Material provided: Begin

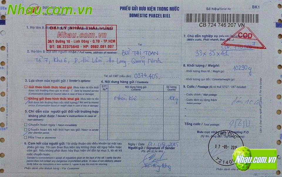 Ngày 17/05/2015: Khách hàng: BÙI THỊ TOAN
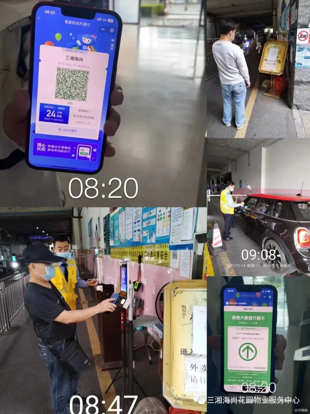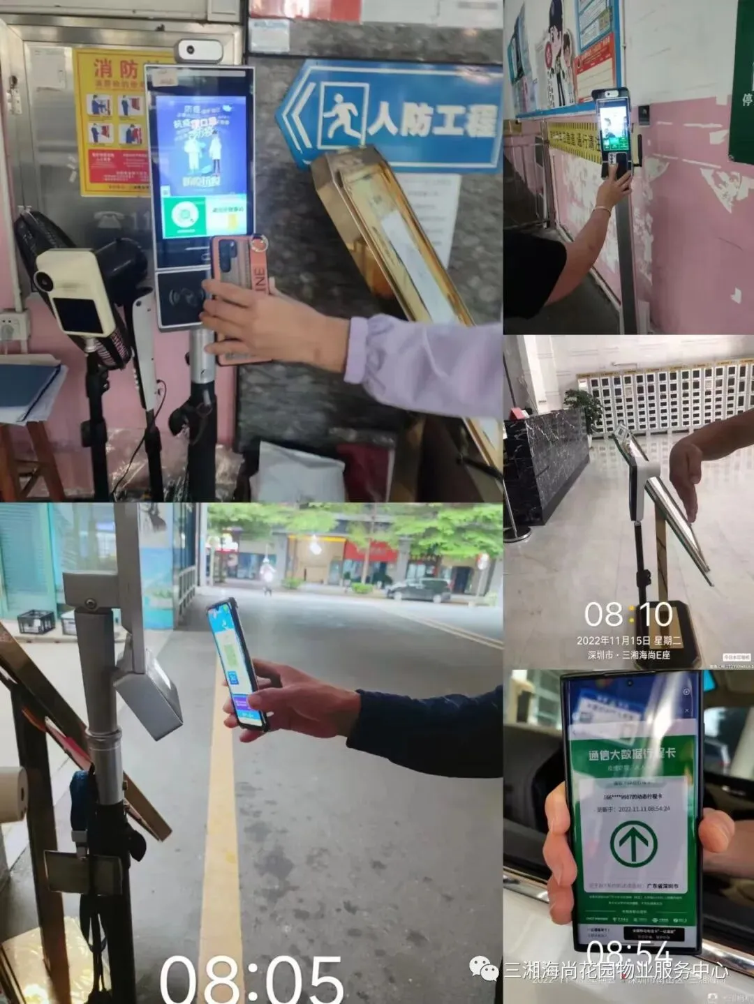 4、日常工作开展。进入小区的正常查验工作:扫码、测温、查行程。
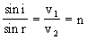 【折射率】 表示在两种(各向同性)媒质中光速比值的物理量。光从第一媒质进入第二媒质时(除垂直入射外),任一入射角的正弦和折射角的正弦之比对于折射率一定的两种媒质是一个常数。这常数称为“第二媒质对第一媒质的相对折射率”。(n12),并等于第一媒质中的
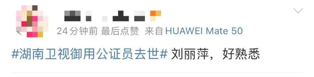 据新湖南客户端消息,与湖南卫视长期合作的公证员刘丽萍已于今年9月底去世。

Material provided: End
Material provided: Begin

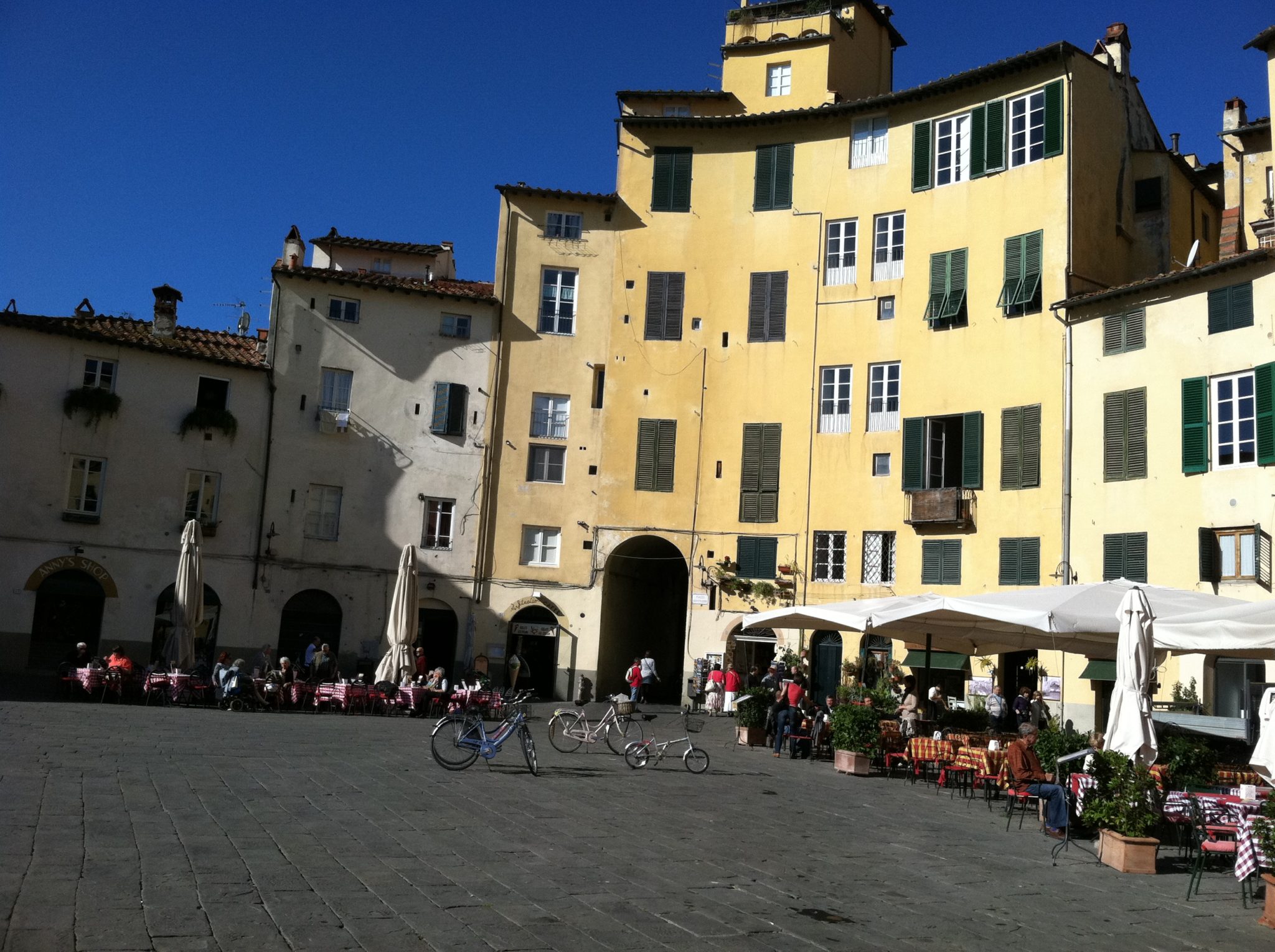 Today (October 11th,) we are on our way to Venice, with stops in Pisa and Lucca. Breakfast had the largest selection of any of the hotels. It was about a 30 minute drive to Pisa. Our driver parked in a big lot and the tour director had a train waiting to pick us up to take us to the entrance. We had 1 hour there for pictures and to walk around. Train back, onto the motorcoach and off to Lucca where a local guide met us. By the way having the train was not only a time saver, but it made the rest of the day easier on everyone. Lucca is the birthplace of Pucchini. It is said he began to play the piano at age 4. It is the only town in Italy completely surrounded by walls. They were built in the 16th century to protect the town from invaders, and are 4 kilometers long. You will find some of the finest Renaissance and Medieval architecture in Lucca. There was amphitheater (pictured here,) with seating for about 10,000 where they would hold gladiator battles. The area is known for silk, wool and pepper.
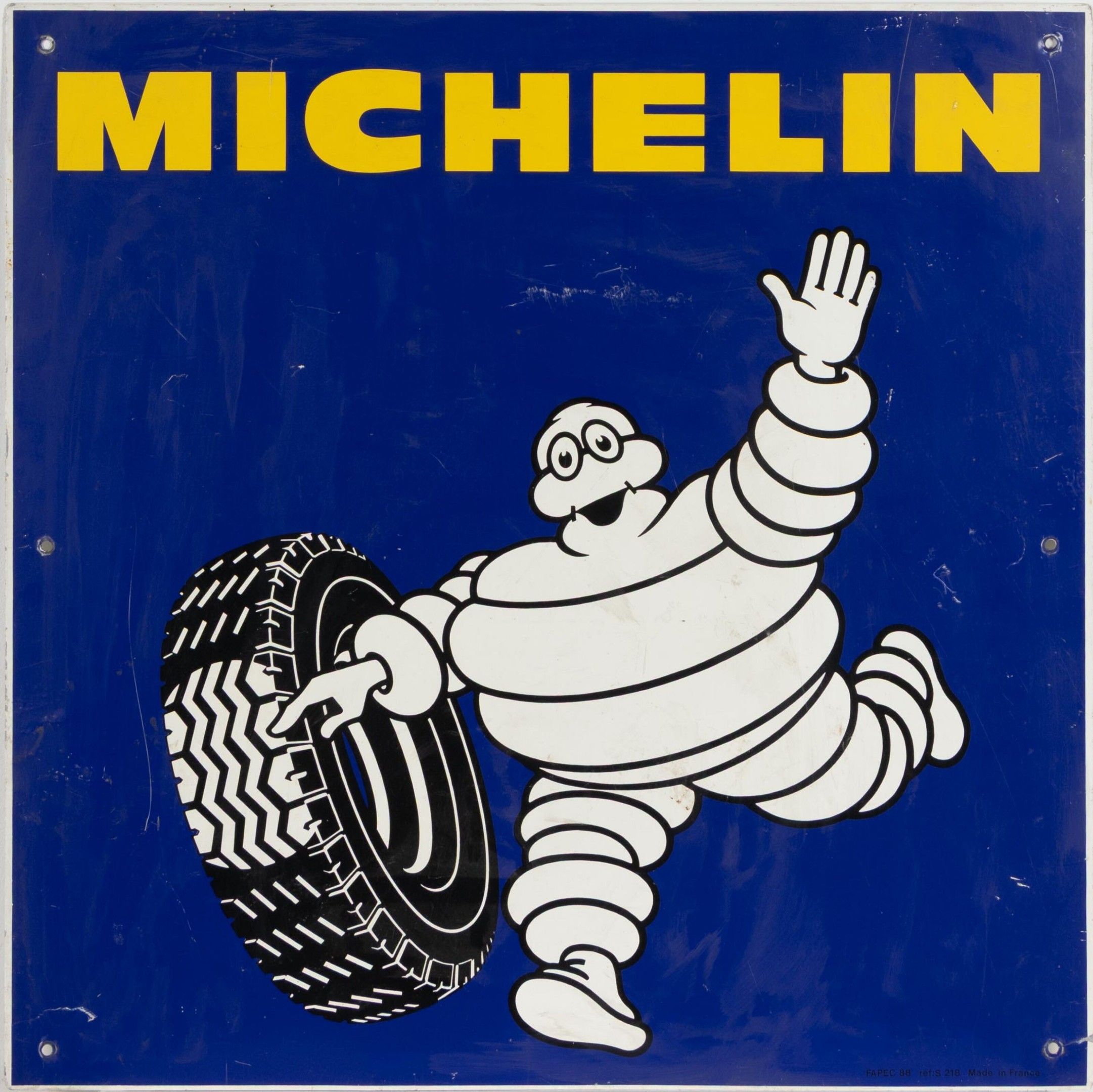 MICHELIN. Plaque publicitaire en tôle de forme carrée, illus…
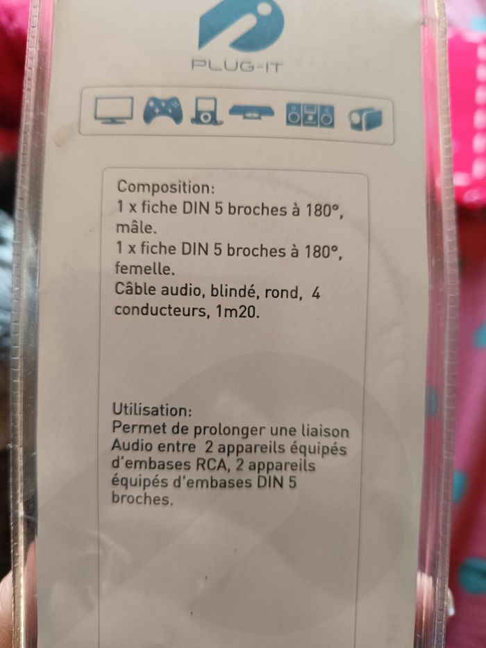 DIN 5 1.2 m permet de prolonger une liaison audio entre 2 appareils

Material provided: End

Task description. Transcribe only this stretch of the data: the line with "Ngày 17/05/2015: Khách hàng: BÙI THỊ TOAN", the line with "据新湖南客户端消息,与湖南卫视长期合作的公证员刘丽萍已于今年9月底去世。", and every line in between. Leave out the pictures.

Result for this exercise.
 Ngày 17/05/2015: Khách hàng: BÙI THỊ TOAN
 4、日常工作开展。进入小区的正常查验工作:扫码、测温、查行程。
 【折射率】 表示在两种(各向同性)媒质中光速比值的物理量。光从第一媒质进入第二媒质时(除垂直入射外),任一入射角的正弦和折射角的正弦之比对于折射率一定的两种媒质是一个常数。这常数称为“第二媒质对第一媒质的相对折射率”。(n12),并等于第一媒质中的
 据新湖南客户端消息,与湖南卫视长期合作的公证员刘丽萍已于今年9月底去世。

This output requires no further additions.